久しぶりに日本のスキー場を訪れる。といっても3年ぶりくらいだが。さて、今回、訪れているのは宮城蔵王のエボシスキー場であるが、ここは大体、年間で延べ15万人くらいが訪れるそうである。祝日などのピーク時で2000人くらい入るというので、まあ、そんな数字であろう。さて、私はまさにピーク時というか書き入れ時に訪れていた訳であるが、ゴンドラで待つ時間は5分もなく、リフトに待つ時間はほとんどないようなガラガラの状況であった。このようにサービスが過剰供給されているのは、20年近く前に日本国中でスキー・ブームがあったからである。20年近く前、エボシスキー場の来場者は延べ50万人であった。その当時は、混雑時になれば、もうゴンドラの待ち時間は、1時間は覚悟しなくてはいけないような状態だったそうである。隣の山形蔵王は、20年近く前は150万人をスキー客として集客していたが、現在は80万人程度だそうだ。エボシほどの減少率ではないが、それでも半分以下である。

さて、20年近く前、日本国中で雪が降りそうなところはスキー場開発が行われた。民間の開発が多いが、町営、村営も少なくない。民間に関しては、リスクは企業が負うので心配をする必要はないが、町営、村営は住民がリスクを管理しなくてはいけないので大変だ。スキー場というのは、基本的にはスケール・メリットが効く。すなわち、大きければ大きいところほど、他の条件が同じであれば商圏も広くなり、経営上は有利になるのである。逆に小さいところには道路整備などの交通ネットワークが向上すると人々はあまり行かなくなる。町営、村営のものは大抵、リフトが3本程度の小規模なものがほとんどである。町営、村営であれば地元の小学校の体育の授業とかで利用されるようにすればそれなりに存在価値もあるのだが、最近はゆとり教育の煽りを受けてそういうことでも利用されていないそうだ。エボシスキー場の周辺にも4つくらいのスキー場があるようだが、エボシスキー場以外は小さすぎて行こうとも考えなかった。県内の人もやはり大きくてコースの選択もでき、また食事などのサービス施設が充実しているところに惹かれるようである。

スキー離れがどうして生じたのかは現時点では不明である。サービスもよくなり、コスト・パフォーマンスも上がり、ホテルやレストランなどサポート・サービスも遙かに向上したにも関わらず、需要が大きく減少したのは、あまりにもスキー場が増えすぎたことも要因であろうが、それだけでは説明できないほど減りすぎである。
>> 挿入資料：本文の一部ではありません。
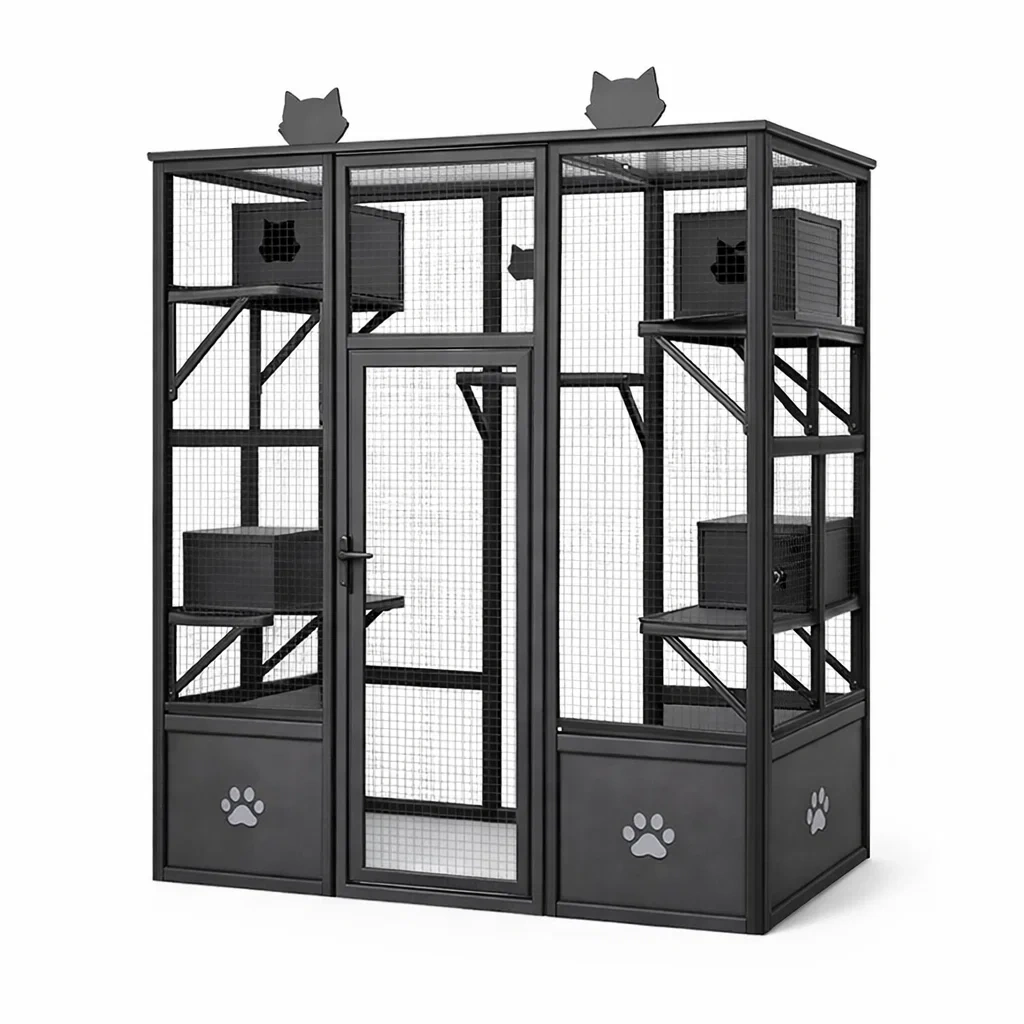 Enclos pour chat en métal noir avec étagères

今後、高齢化、人口縮小が進んでいくことを考えると、町営、村営で経営が赤字になっているスキー場は戦略的に閉鎖していくことが必要となるであろう。その場合、戦略なくつくってしまって今のような事態を生じた轍を踏まないように、戦略的に広域連携して撤退戦略を検討することが必要となるであろう。

私は宮城県立大学で「リゾート施設計画論」という講義を7年間担当していたことがあるので、この不味いシチュエーションが気になるのである。